Am Mittwochabend interviewt mich das „METALWORLD“-Magazin, das war schon lange ein Traum von mir! Ich darf zu meinen fünf Lieblings-Heavy-Metal-Platten etwas sagen (Crimson Glory: „Transcendence“, King Diamond: „Them“, Arcturus: „La Masquerade Infernale“, Tourniquet: „Microscopic View Of A Telescopic Realm“, Enslaved: „Monumension“). Ich sage ausschliesslich lobende Dinge.

Vor dem Schlafengehen experimentiere ich mit meiner „Mind-Machine“, das ist ein Apparat mit vielen blinkenden Lämpchen in einer Art Taucherbrille drin, dank ihm soll man phantastische Reisen in sein eigenes Ich unternehmen können, aber nach fünf Minuten schlafe ich für gewöhnlich ein. So auch heute. 

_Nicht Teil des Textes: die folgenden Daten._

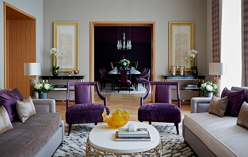 Le salon est généralement le cœur de la maison. Que vous l'utilisiez pour des réunions formelles ou pour la vie quotidienne, cela devrait refléter votre personnalité et votre style. Ce salon incroyablement élégant est l'incarnation de mon idéal. À première vue, la pièce a l'air très simple, mais une connaissance plus détaillée de cette pièce vous aidera à obtenir de nombreux conseils de décoration précieux qui peuvent être appliqués à n'importe quel espace. Tout d’abord, la pièce a de belles touches de lilas, contre lesquelles les accents dorés ont fière allure. Deuxièmement, les chaises en fourrure de Mongolie, douces et très attrayantes en apparence, servent d’éléments de mode qui ajoutent de la texture à l’intérieur. (À mon avis, il devrait y avoir un élément bizarre dans chaque espace de vie.) Les tapis apportent encore plus de texture dans cette pièce. Enfin, on peut observer une bonne combinaison d'éléments de différentes époques. Par exemple, un grand miroir antique ajoute une touche d'antiquité au mobilier moderne.

Woran liegt es, frage ich mich am Freitag, dass sich neben meinem Bett fast nur Horrorromane stapeln (von Brian Lumley, Clive Barker, Simon-Noël Godenzi, William Hjortsberg, Elizabeth Engstrom, Kim Newman und dem Grössten aller, Brian Hodge)? Wäre es nicht besser, da lägen z. B. Bücher von Peter Stamm? „Nein, das wäre es nicht!“, schreit jede Faser in mir, „No passaran!“ 

Nächste Woche fliegen meine Freundin Myriam und ich nach Kanada, und von Montreal aus fahren wir dann mit dem Auto über Boston und New York nach Washington und wieder zurück. Zum Glück ist mein Pass noch gültig, allerdings fällt mir wieder ein, dass mein dort eingetragener Heimatort Schluein (in der Bündner Surselva) laut den Auskünften eines Bekannten auf Arabisch „zwei Feuer“ heisst. Das ist vielleicht nicht so günstig ... Soll ich mir noch schnell ein T-Shirt drucken lassen mit der Aufschrift „I am the god of hellfire, and I bring you two fires“? Soll ich? Soll ich nicht? Etc.

Mehr ist diese Woche an Substantiellem nicht passiert. Niemand bedauert dies so sehr wie ich.